Featuring a black and gothic metal sound, the album melds influences from various genres, including second wave black metal, atmospheric post-metal, gothic, darkwave, Scandinavian folk and classical music. The album was named the Best Hard Rock Album of 2015 by Gaffa.
Upon its release, M received positive reviews from music critics. At Metacritic, which assigns a normalized rating out of 100 to reviews from critics, the album received an average score of 83, which indicates “universal acclaim”, based on 10 reviews, and was the 85th highest rated album of 2015. Allmusic’s Thom Jurek wrote: “Myrkur’s music melds all of her adopted stylistic elements, lets their seams show, and emerges with an innovative, alchemical creation of her own. M expands on black metal’s boundaries yet holds its dark, foreboding spirit close.” The Austin Chronicle critic Michael Toland stated: “Danish raven Amalie Bruun integrates extreme intensity into both genres’ [goth/black metal’s] inherent drama.” Sean Barry of Consequence of Sound thought that “M doesn’t differentiate itself greatly from the early work of many black metal artists.” Barry further added: “The album shines with potential and the promise that a more unique followup waits further down the trail.”

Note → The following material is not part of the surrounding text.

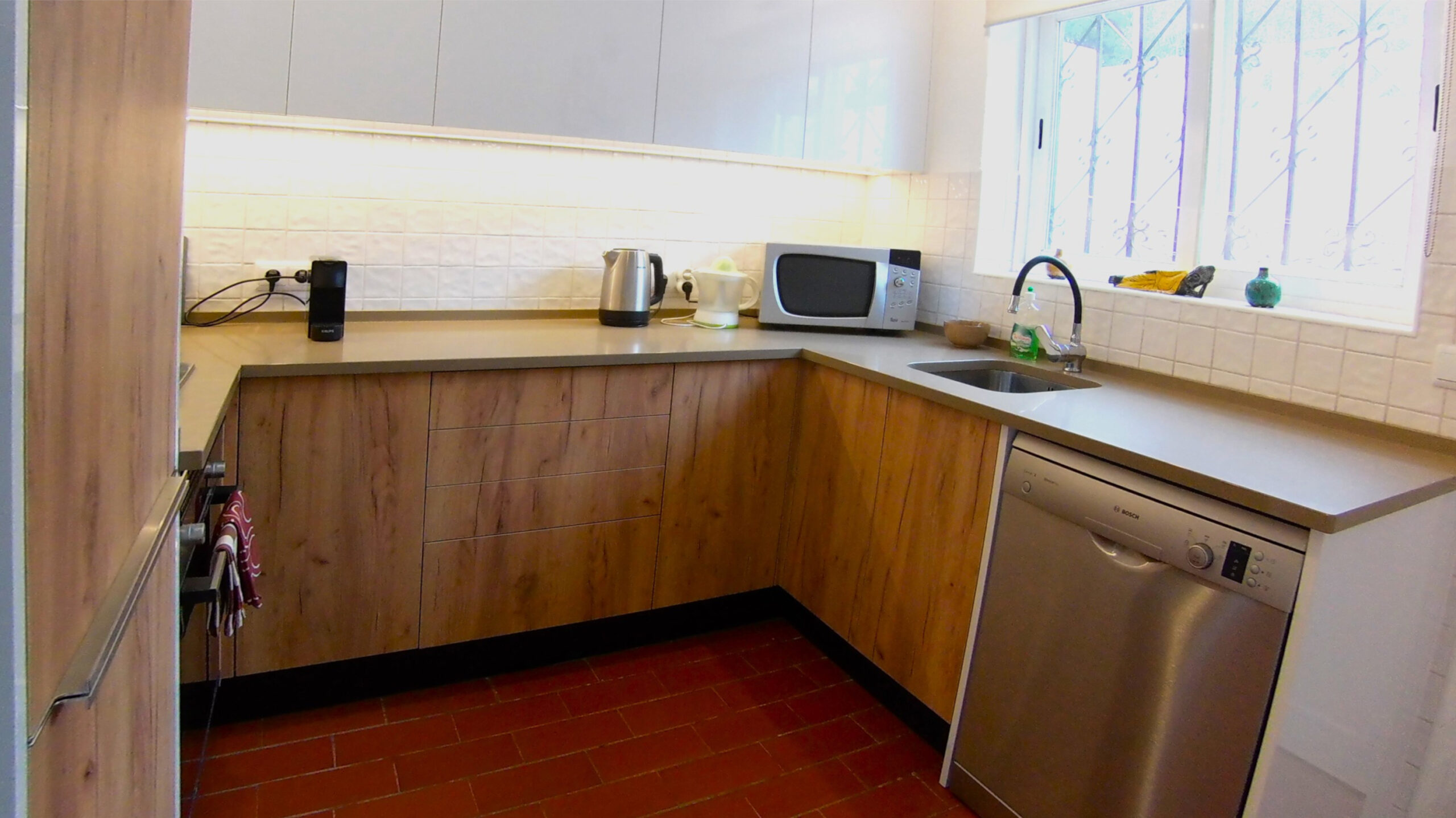 The kitchen is fully equipped and has a microwave, toaster, juicer, coffee maker, washing machine and a full range of saucepans, cutlery and crockery.

Exclaim! critic Natalie Zina Walschots praised the album, writing: “The textures of M are even more finely hewn and interwoven than its predecessor, resulting in a record that is at once profoundly tactile and deeply sensual.” Grayson Haver Currin of Pitchfork thought that “on M, Bruun is free and clear of any identity drama—and a much more convincing bandleader for it.” Spin critic Colin Joyce stated: “What remains Bruun’s strongest suit is the way she juxtaposes the extremity of her influences.” Joyce further concluded: “She comes out of more subdued sections to use blast beats like scare tactics, drops in glacial vocal harmonies as soothing lullabies.” The Quietus’ Dean Brown was also positive in his assessment of the album, writing: “By conveying the masculine and feminine duality inherent in old musical traditions and modern musical developments, Bruun has composed a truly rewarding record that defies direct categorisation.”
Nevertheless, Sputnikmusic’s Elijah K. gave the album a mixed review, describing the album’s sound as “painfully bland and too on the nose.”